Studies show that fake news spreads faster online than real news. Given the threat that fake news poses to our society, artificial intelligence researchers around the world have been designing computer models that can automatically assess whether a given piece of information is an accurate report. This form of automated fact-checking can go a long way toward identifying and eliminating fake news before it can spread.

However, using complicated models for this task has downsides. Despite being highly accurate, these models are almost always unable to communicate why a given piece of information was classified as true or false. In other words, we can’t know for certain what led to that prediction.

I am not approaching fake news detection with the sole objective of creating a state-of-the-art model with the highest accuracy possible. Instead, I am working toward an interpretable approach. While my final model might not be quite as precise as those at the forefront of the field, it will offer more learning opportunities regarding the properties of fake news.

I began my project by conducting a survey on fake news detection. This survey presented respondents with several different claims and articles, asking them to judge whether the claims seemed truthful. The objective here was to access the core of intuitive fake news detection. If I can better understand how people assess validity, I can make smarter decisions about what information to incorporate in my model.
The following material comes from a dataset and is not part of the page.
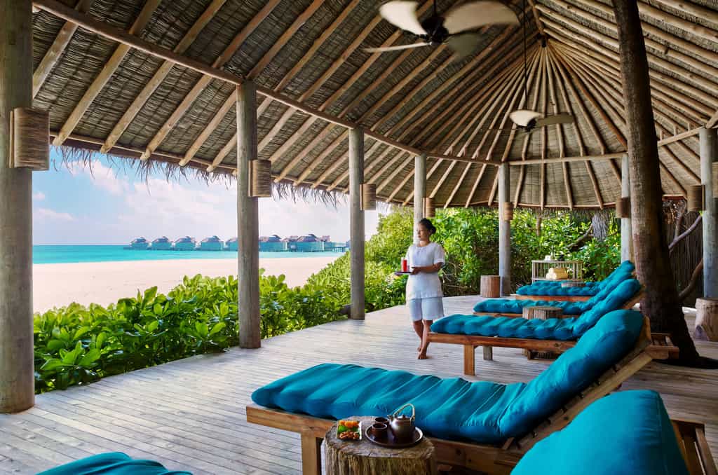 At the very end of the jetty, Longitude serves freshly-caught seafood dinners and the Chill Bar has layers of cushioned sit-outs at the water's edge - be sure to ask about the 'liquid experiences'. For an extra special dinner, enjoy five courses at the Chili Table in the resort's organic garden. Be sure to stop by Sip Sip, a sunken bar with tree-trunk stools and views of the large pool inset with circular lounges. The spa truly belongs on an island with nine treatment nests along the beach - plus a lovely open-air yoga studio.
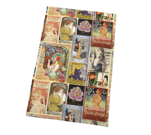Torchon de cuisine décoratif en Vintage Parfum Art Collage pour votre cuisine ou à accrocher sur vos murs

Currently, I am organizing my survey data and my dataset of more than 15,000 short claims labeled by PolitiFact experts. PolitiFact is a fact-checking website that rates the accuracy of claims by elected officials and others on its Truth-O-Meter. Working with text data of such magnitude has been a fascinating challenge for me; I’ve developed critical skills for statistical analysis of language.

During the next six weeks, I will primarily work on designing my model, refining it, and analyzing its conclusions. While I have already learned a lot about the textual properties of fake news, I am excited to see where my research takes me.  If my results are interesting enough, I will pivot them into my senior thesis for computer science.